First degree Heart block

If the PR interval is greater than 0.2s, then we call it first degree block. All the waves will still be present, there will just be a gap between the p wave and QRS complex. First degree heart block is not in itself very important it can be a sign of coronary artery disease, acute rheumatic carditis, digoxin toxicity or electrolyte disturbance.

Second degree Heart block

This is where there is an intermittent absence of QRS complexes and thus an indication that there is a blockage somewhere between the AV nodes and the ventricles.

There are three types of this: Mobitz type 2 phenomenon this is where there is a regular rhythm, and a fairly constant PR interval, but every now and again there is an absent QRS (pictured above). basically for every QRS, there are 2 or 3 p waves.

Wenckebach phenomenon (aka Mobitz type 1) progressive lengthening of the PR interval followed by an absence of the QRS, then a shortened PR interval and normal QRS, and the cycle begins again. The cycle is variable in length, and the R-R interval shortens with the lengthening of the PR interval

2:1 and 3:1 conduction there is one normal cycle, then one cycle with an absent QRS (2:1) or there is one normal cycle, then two cycles without a QRS (3:1) pictured below

Causes Acute MI Chronic heart disease (CHD) Mobitz type 2 and Weckenbech dont require and specific treatment X:1 block may require a pacemaker (temporary or permanent), especially if the ventricular rate is slow

Third degree Heart block complete heart block

This occurs when atrial contraction is normal, but no beats are conducted to the ventricles. The ventricles are still excited by their own internal ectopic pacemaker system! Thus the definition of complete heart block is: P wave ~90/min (more p waves than QRS complexes)

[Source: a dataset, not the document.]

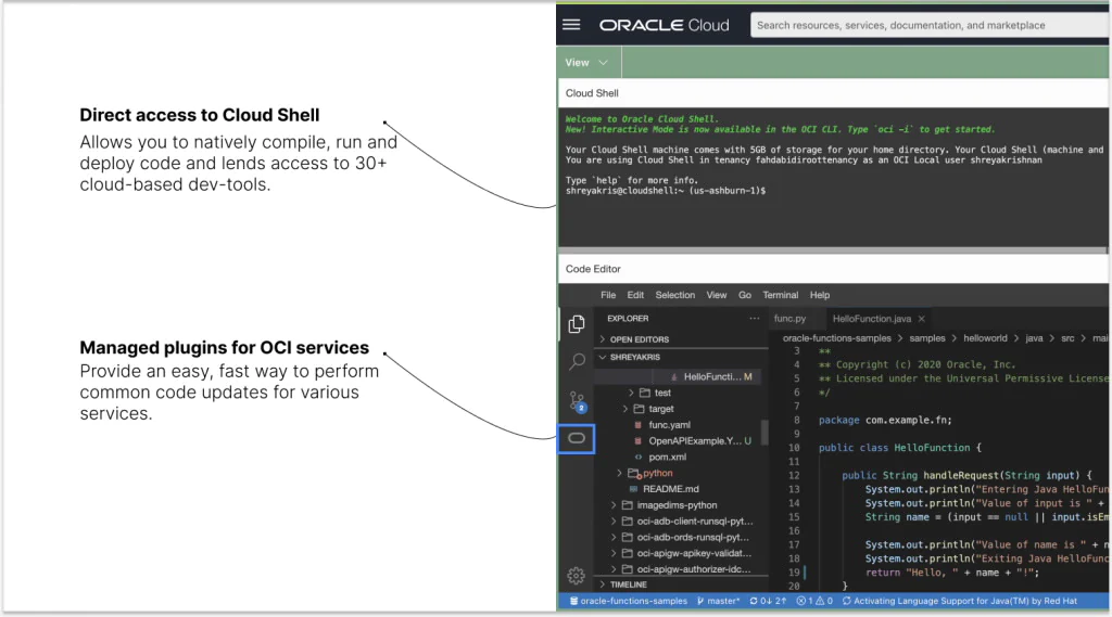 生産性を強化し、OCI でシームレスに統合された開発体験を提供するために設計されたCode Editorの主要な機能を見てみましょう。

QRS ~36/min Variable PR intervals No relationship between P wave and QRS complexes, but both are present. Abnormally shaped QRS due to abnormal spread of conduction throughout ventricles QRS will generally be broad (~160ms as opposed to a maximum of 120ms in a normal heart 4 little squares as opposed to 3 little squares) Right axis deviation Escape rhythms present (more on these later) Causes:

MI it will occur acutely, and is often transient Chronic often due to fibrosis around the Bundle of His, or bundle branch block of both branches Always indicates underlying disease more often fibrosis then ischaemia Consider temporary or permanent pacemaker

More info about complete heart block: Patients with AV block can be haemodynamically stable; however they should still get a pacemaker because this situation can change at any time If the number of atrial and ventricular complexes is equal then we call it AV dissociation, and not AV block

Bundle Branch Block

If the wave of depolarisation can reach the intraventricular septum, then the PR interval will usually be normal. And in bundle branch block, this is still the case. However, the time taken for depolarisation to spread throughout the ventricles is altered because of the block, and thus thus duration of the QRS is lengthened. Thus, in bundle branch block there is: Normal PR interval Lengthened QRS duration (greater than 120ms - >3 little squares)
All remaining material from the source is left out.